A Sales Growth Company
May 25, 2023

All Sales Training Is the Same, Right?

Sandler Sales Training has been a staple of the sales training world for decades. What was once a prominent methodology, the Sandler methodology has lost a step or two as we entered the 21st century. Gap Selling was developed to plug holes that Sandler Sales Training has left behind when it comes to 21st Century selling. Sandler focuses on seven key pieces of a sales including rapport building and upfront contracts. Let’s break down the Sandler Selling system and highlight what works, what doesn’t work, and how Gap Selling can, pun intended, fill the gap.

 

Bonding and Rapport Building

Attempting to build rapport with a prospect is hurting you more than helping. Sandler sales training has long emphasized the importance of rapport building, but times have changed. Now, before all you Sandler folks grab the pitchforks, we have to give credit where credit is due. In the late 60s and early 70s, Sandler did level-up the sales game connecting with the prospect through, in their words, “more than inauthentic questions”. It’s about more than asking about family photos on their desk, questions like how did you start in the industry, where does your company operate, what trends are affecting your industry?

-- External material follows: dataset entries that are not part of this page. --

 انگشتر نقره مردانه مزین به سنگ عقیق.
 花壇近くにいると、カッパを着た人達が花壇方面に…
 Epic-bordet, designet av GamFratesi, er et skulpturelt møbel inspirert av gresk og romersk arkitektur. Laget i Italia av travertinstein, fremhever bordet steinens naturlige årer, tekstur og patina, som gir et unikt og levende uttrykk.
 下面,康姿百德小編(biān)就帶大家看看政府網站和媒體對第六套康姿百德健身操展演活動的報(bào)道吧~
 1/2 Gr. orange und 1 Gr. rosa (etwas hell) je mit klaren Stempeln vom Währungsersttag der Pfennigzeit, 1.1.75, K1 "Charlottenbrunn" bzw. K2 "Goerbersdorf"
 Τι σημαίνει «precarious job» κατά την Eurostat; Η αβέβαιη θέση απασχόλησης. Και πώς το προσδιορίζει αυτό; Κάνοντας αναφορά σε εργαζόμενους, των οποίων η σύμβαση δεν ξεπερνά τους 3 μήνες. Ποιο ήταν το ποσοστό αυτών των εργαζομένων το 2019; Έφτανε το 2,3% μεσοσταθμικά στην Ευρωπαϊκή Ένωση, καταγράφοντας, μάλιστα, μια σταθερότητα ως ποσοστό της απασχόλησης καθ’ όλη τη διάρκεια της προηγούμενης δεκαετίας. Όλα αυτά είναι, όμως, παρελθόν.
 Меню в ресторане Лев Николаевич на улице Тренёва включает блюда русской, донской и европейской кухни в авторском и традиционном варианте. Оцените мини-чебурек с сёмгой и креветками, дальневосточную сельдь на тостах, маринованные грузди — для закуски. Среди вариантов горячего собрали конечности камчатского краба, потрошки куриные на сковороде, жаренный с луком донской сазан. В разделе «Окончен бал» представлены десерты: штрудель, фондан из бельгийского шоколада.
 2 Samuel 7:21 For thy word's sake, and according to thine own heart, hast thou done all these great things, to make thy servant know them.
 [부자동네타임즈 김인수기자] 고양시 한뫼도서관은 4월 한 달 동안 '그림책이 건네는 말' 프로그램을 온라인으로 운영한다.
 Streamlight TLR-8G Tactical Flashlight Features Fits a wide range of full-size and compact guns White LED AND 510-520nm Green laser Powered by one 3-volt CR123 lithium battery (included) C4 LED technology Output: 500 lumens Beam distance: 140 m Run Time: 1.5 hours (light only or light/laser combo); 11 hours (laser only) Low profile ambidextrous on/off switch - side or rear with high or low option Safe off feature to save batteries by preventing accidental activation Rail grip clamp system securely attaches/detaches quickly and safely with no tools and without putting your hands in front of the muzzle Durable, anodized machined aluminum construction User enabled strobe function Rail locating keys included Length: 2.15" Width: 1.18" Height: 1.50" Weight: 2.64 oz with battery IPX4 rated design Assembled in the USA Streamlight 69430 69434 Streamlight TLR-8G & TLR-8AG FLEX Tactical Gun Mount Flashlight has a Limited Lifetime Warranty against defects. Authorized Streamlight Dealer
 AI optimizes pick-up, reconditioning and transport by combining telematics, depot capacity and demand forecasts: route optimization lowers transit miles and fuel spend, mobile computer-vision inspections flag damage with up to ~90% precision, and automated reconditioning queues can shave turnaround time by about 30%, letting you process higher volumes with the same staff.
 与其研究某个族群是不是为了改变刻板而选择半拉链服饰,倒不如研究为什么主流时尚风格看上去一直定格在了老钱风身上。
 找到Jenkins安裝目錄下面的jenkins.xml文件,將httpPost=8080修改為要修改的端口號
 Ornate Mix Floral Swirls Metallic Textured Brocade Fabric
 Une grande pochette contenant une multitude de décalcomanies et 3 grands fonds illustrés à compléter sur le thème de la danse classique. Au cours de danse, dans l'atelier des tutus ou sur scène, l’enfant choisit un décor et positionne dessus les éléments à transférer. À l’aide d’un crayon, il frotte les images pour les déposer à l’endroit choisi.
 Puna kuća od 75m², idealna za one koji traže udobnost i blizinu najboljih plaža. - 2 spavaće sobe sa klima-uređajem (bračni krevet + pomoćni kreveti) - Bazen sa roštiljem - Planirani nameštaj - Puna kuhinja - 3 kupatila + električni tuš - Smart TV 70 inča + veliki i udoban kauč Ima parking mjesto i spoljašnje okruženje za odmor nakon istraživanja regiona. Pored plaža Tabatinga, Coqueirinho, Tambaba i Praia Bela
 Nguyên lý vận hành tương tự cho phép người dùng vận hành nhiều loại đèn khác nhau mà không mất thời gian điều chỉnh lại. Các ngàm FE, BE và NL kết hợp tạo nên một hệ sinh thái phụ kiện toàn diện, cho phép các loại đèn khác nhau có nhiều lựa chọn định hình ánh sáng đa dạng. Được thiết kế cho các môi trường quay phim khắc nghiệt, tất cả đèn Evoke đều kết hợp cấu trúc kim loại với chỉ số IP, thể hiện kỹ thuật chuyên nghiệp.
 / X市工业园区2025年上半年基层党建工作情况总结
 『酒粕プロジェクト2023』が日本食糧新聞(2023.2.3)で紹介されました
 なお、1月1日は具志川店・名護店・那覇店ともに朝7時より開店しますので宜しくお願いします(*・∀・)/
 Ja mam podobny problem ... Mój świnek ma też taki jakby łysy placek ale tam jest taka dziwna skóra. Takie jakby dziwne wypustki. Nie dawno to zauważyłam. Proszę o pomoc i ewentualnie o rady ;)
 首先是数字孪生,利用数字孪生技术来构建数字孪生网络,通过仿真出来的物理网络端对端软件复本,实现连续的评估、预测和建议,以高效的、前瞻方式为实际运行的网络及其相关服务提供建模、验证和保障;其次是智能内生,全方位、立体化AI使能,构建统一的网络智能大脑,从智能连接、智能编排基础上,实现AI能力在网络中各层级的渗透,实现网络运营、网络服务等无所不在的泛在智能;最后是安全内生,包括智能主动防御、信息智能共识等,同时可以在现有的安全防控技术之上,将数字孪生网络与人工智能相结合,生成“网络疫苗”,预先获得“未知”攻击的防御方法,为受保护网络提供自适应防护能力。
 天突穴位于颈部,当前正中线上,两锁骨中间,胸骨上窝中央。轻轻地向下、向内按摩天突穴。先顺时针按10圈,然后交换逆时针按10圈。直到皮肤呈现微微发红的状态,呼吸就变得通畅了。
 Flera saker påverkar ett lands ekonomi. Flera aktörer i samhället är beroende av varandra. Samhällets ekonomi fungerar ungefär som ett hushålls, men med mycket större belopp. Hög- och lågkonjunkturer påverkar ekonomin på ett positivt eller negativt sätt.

A Sales Growth Likeability Matrix - No value, don't like you - not buying. Like you, but no value, no thank you. Don't like you, but there's value - yes, i'll buy. Like you and there's value - Yes! let's have a beer

Likeability vs. Value Matrix

When Sandler sales training was released in 1967, these questions were relevant and necessary. Sales teams didn’t have the technology that we have today: Google, LinkedIn, ChatGPT, etc. As sellers, we can’t waste precious time on these questions/small talk anymore – you need to have these answers before you talk to the prospect. If you must ask the trends in the industry, you’ve lost credibility. What once was an “authentic question” is now just small talk.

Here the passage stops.